[ExI] Machines of Loving Grace
Adrian Tymes
atymes at gmail.com
Tue Oct 15 13:53:05 UTC 2024
More accurate to say, the uploaded mind would have a lot more reflection
and contemplation in that one second. Not literally 1,000 ideas, but that
1 idea gets much more refined and spawns sub-ideas.
Actions get more measured and precise. Ever had to react because there was
no time to think? Sped-up minds wouldn't, at least not for most of the
same situations. Playing sports is closer to chess, to them. Boredom
management is a problem when their entire physical existence is like that,
but there are ways to handle that, especially with implanted
telecommunications and other things the mind can be doing while the body
slowly goes about its day.
One example: I, in my current form, take about 20 minutes to shower and get
dressed. I could perhaps optimize that - some of that time is spent
contemplating what combination of colors I wish to wear that day, and there
are some redundant motions - but let's say 5 minutes as a practical
minimum.
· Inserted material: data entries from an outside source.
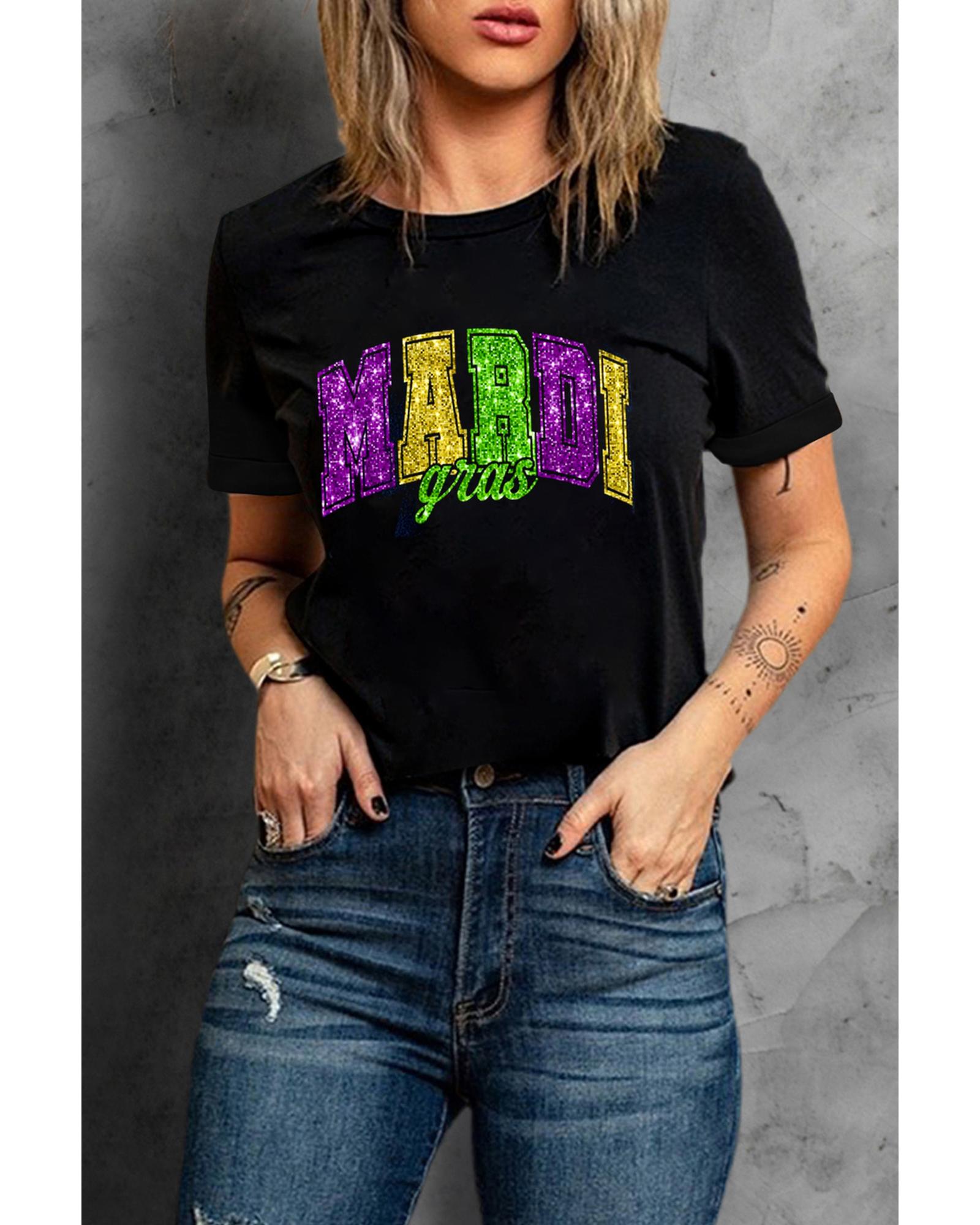- Black Mardi Gras Heat Transfer Graphic Holiday Tee
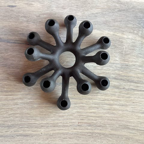 Frost Camouflage 3001 knagerække i farven Blomme. Knagerækken har et organisk, skulpturelt design med flere knager placeret på en pladeformet baggrund. Fremstillet i metal og beregnet til vægmontering. Velegnet til ophæng af jakker, tasker eller til brug i entré, værelse eller andre rum, hvor der er behov for ekstra ophængsplads.
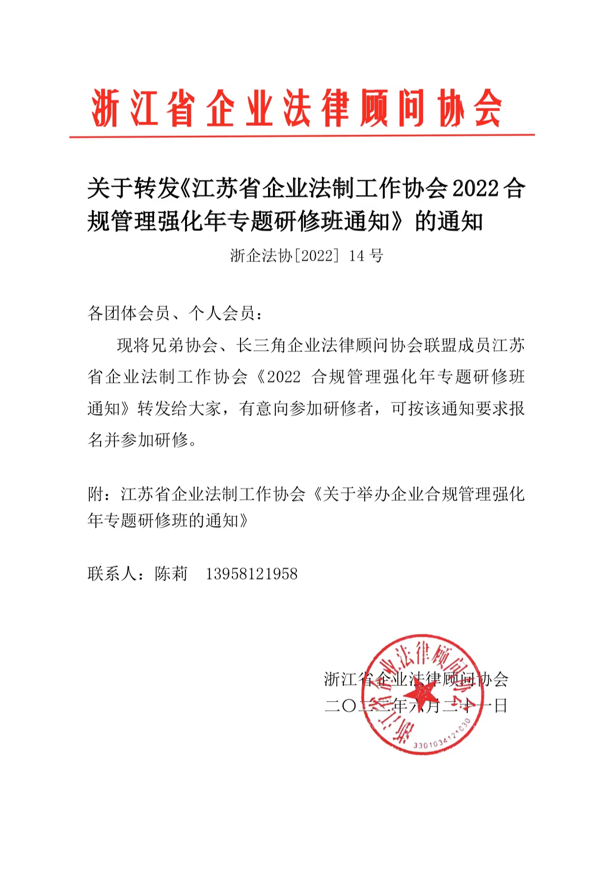 关于转发《江苏省企业法制工作协会 2022合 规管理强化年专题研修班通知》的通知

As a 1,000x accelerated mind, that would be 5,000 subjective
minutes: nearly 3.5 subjective days. You can be fairly certain that only a
small part of my bandwidth would be set to running the physical actions of
getting cleaned and dressed to face the nearly 2 subjective years before it
is time to sleep once more. (Though, given how sleep is tied into
restoring and resetting the mind as much as its effects on the body, sleep
schedules might well be different. A constant cycle of spending 1 minute
awake then sleeping for half a minute - or more precisely, 57.6 seconds on
then 28.8 seconds off, working from subjective 16 hours then 8 hours -
would likely not prove practical.)
On Tue, Oct 15, 2024 at 9:08 AM William Flynn Wallace via extropy-chat <
extropy-chat at lists.extropy.org> wrote:
> Thanks, Bill K - before I get lost in Wikipedia, how about this:
>
> A person looks at the Mona Lisa for one second and has one idea. An
> uploaded mind looks at it for one second and has a thousand ideas. Is that
> accurate? bill w
>
> On Tue, Oct 15, 2024 at 6:17 AM BillK via extropy-chat <
> extropy-chat at lists.extropy.org> wrote:
>
>> On Tue, 15 Oct 2024 at 12:02, William Flynn Wallace via extropy-chat
>> <extropy-chat at lists.extropy.org> wrote:
>> >
>> > What does living in the real world at 1000 times the normal speed even
>> mean? bill w
>> > _______________________________________________
>>
>>
>> It's a long story.... :)
>> Try this for an introduction -
>> <https://en.wikipedia.org/wiki/Mind_uploading>
>> Quote:
>> With sufficient hardware parallelism, a simulated brain could thus in
>> theory be made to run faster than a biological brain. Uploaded beings
>> may therefore not only be more efficient, but also supposedly have a
>> faster rate of subjective experience than biological brains (e.g.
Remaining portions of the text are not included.